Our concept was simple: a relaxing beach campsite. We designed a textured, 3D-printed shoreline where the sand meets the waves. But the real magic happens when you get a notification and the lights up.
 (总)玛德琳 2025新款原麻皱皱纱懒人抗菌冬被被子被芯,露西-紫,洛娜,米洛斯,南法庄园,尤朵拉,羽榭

--

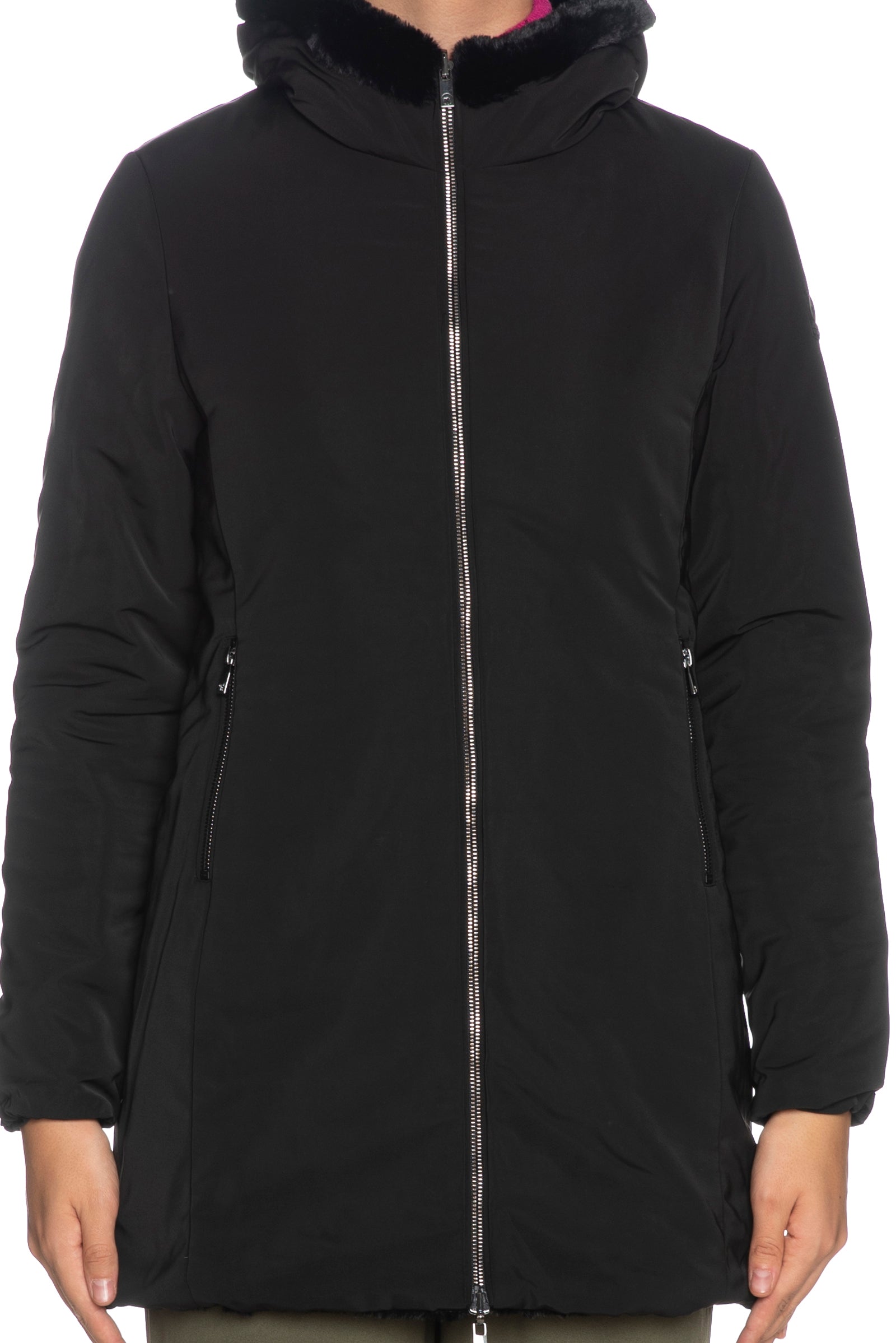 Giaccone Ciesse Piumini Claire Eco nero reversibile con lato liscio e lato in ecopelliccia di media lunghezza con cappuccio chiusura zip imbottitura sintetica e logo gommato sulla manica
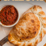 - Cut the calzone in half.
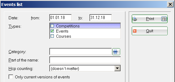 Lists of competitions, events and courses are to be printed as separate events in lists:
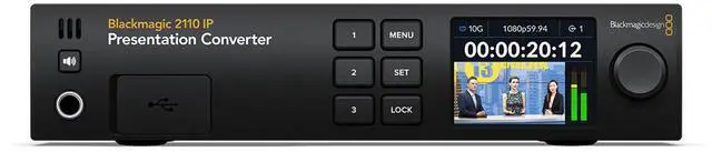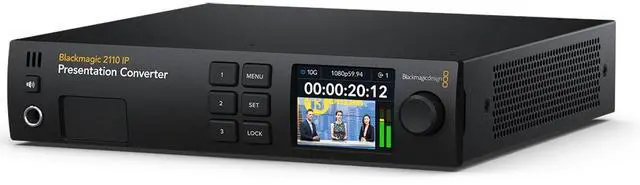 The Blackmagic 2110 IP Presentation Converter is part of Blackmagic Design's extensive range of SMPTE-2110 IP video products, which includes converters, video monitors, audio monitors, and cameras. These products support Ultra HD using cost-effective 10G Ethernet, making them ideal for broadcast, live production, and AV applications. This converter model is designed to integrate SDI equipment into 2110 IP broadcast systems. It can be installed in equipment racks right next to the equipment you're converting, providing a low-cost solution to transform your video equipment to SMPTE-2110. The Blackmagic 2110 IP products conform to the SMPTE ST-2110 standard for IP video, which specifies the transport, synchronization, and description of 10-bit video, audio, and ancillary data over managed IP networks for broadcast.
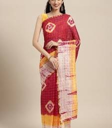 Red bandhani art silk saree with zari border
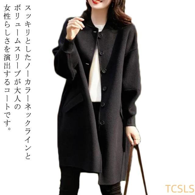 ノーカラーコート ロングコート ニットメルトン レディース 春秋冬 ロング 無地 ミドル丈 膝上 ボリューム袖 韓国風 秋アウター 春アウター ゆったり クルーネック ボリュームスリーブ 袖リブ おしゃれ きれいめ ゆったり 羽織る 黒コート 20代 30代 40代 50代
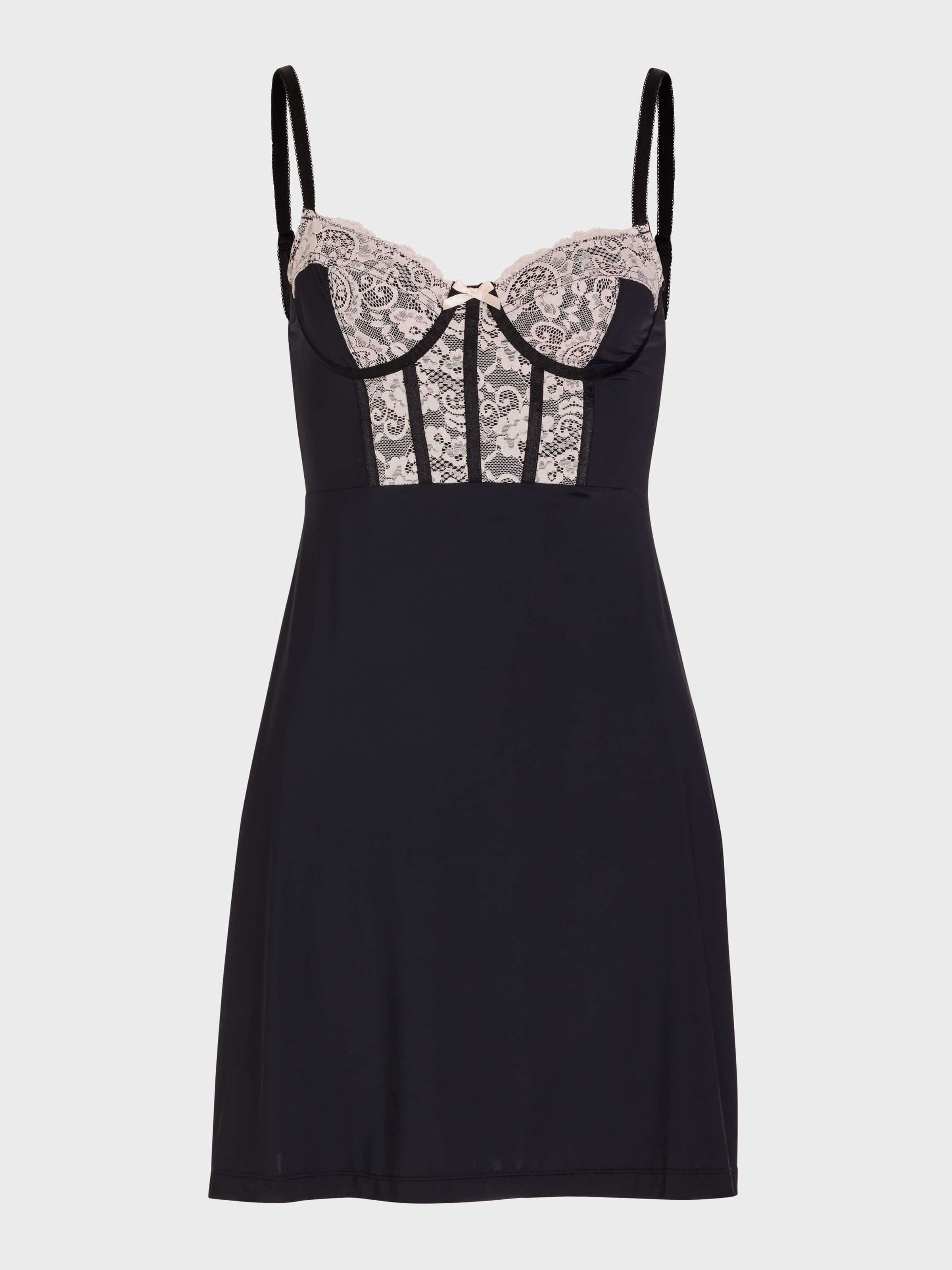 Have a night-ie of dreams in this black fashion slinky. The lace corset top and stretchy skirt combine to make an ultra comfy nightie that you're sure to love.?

---

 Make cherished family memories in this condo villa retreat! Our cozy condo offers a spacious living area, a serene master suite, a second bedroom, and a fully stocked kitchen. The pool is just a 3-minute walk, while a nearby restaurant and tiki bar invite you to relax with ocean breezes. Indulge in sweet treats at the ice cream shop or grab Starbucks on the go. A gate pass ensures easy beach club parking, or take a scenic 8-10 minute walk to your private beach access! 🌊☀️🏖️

## Exercise:
Take the records above and return, word for word, only the lines that fall from the line with "Our concept was" to the line with "(总)玛德琳 2025新款原", both of them included.

## Answer box:
Our concept was simple: a relaxing beach campsite. We designed a textured, 3D-printed shoreline where the sand meets the waves. But the real magic happens when you get a notification and the lights up.
 (总)玛德琳 2025新款原麻皱皱纱懒人抗菌冬被被子被芯,露西-紫,洛娜,米洛斯,南法庄园,尤朵拉,羽榭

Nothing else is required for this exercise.